Ni comunismo, ni capitalismo salvaje. Cerraron su ciclo las extremas, para dar paso a una nueva izquierda. Sin tropel proletario ni antiimperialismo de campanario ni escaramuzas armadas, esta izquierda se juega en las urnas.
En Colombia, es alternativa a una derecha rabiosa cuya hegemonía expira y evoca tiempos aciagos de la Regeneración y la Violencia. La persecución que se le tendió desde el DAS y desde cuanto micrófono se le ofreció al Presidente para asociarla con el terrorismo, no consiguió liquidarla. José Obdulio tendrá que reconocer que izquierda y derecha sí existen. En el mundo y en Colombia.

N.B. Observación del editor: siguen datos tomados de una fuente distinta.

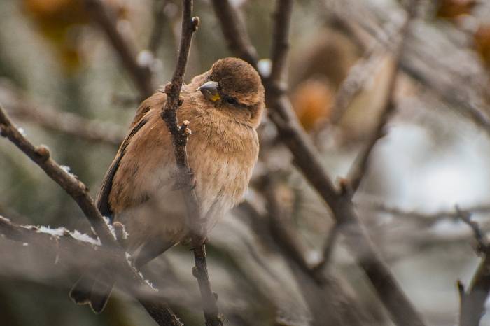 Любопытство. Воробьи – очень любопытные птицы. Этот кадр был запечатлён в то время, когда в холодные зимние дни представители этого вида птиц ищут пищу. Главным источником пропитания воробья в нашем городе является мальва – травянистое растение, цветы которого превращаются в семена в зимний период.

En libro que ignora lugares comunes y prejuicios (La nueva izquierda, el poder de la utopía), Bernardo García observa que esta izquierda redefine líneas del Estado de bienestar en el contexto de la globalización y ofrece dos puntales paralelos a la Tercera Vía de Blair y Clinton: China y Brasil. Países en desarrollo restablecen la planeación indicativa aunque, a menudo, su política social burla la distribución de ingresos y se conforma con mitigar el hambre. Tras el desplome aparatoso del modelo soviético en 1989 y del catecismo neoliberal, hoy, esta fuerza se reafirma como búsqueda de nuevos rumbos. Lula consagra la economía mixta, lidera el tránsito hacia un poder multipolar en el mundo y tiende una mano a los marginados con su programa de “Brasil sin hambre”. Pero un principio de equidad y justicia social, ajeno al liberalismo rancio, preside su política social. Lejos anda Lula de creer que la desigualdad es resultado inevitable del mercado, donde unos ganan y otros pierden. Y de los neoliberales, que reducen la justicia social a simple igualdad ante la ley y practican libertad absoluta de mercados. Como se probó, tanta libertad en beneficio de tan pocos trepó la informalidad, el desempleo y la miseria a niveles de escándalo y produjo, entre otros estallidos, el Caracazo. Entonces, para desactivar la bomba, sobrevino el Segundo Consenso de Washington.
Como contemplar criterios de justicia social arriesgaba concesiones en derechos y en distribución del ingreso, el Banco Mundial ideó paliativos, asistencialismo enfocado a los más miserables entre los miserables. Familias en Acción acá y allá. Al fin y al cabo la desigualdad era una fatalidad del destino. Tras décadas de socialdemocracia en Occidente, con elevación espectacular del nivel de vida general sin recurrir a la revolución, se daba marcha atrás a la rueda de la historia. Países como Suecia habían incorporado la política social al crecimiento económico, de modo que salud, educación y servicios públicos eran derechos universales y, a la vez, plataforma del desarrollo. No un negocio. Ni limosna. Así lo entendió Brasil, donde pierden terreno los programas de asistencia social conforme avanza un desarrollo industrial afirmado sobre el mercado interno y el internacional. Lula negocia con multinacionales desde la perspectiva de su plan de desarrollo; no le brinda confianza a cualquier “inversionista”.
En el libro de García, esta problemática es la nuez. Su gran virtud es que no pontifica: discute y abre interrogantes. Acaso no resulten complementarios los modelos de Clinton y Lula, como lo plantea el autor, pues entre ellos media el mismo abismo que separa al asistencialismo, del principio de igualdad. Debate oportuno como el que más, ahora, con el reverdecer del pensamiento libre. Petro aventaja a sus colegas de campaña, pues no discute cómo aliviar la indigencia sino cómo erradicarla. Ni cómo redistribuir el salario por lo bajo sino cómo crear trabajo productivo y bien remunerado. Su norte, justicia social y equidad. Mientras Petro aterriza ideas y programas de izquierda moderna, otros torean en la contraparte su propia radicalidad de conversos.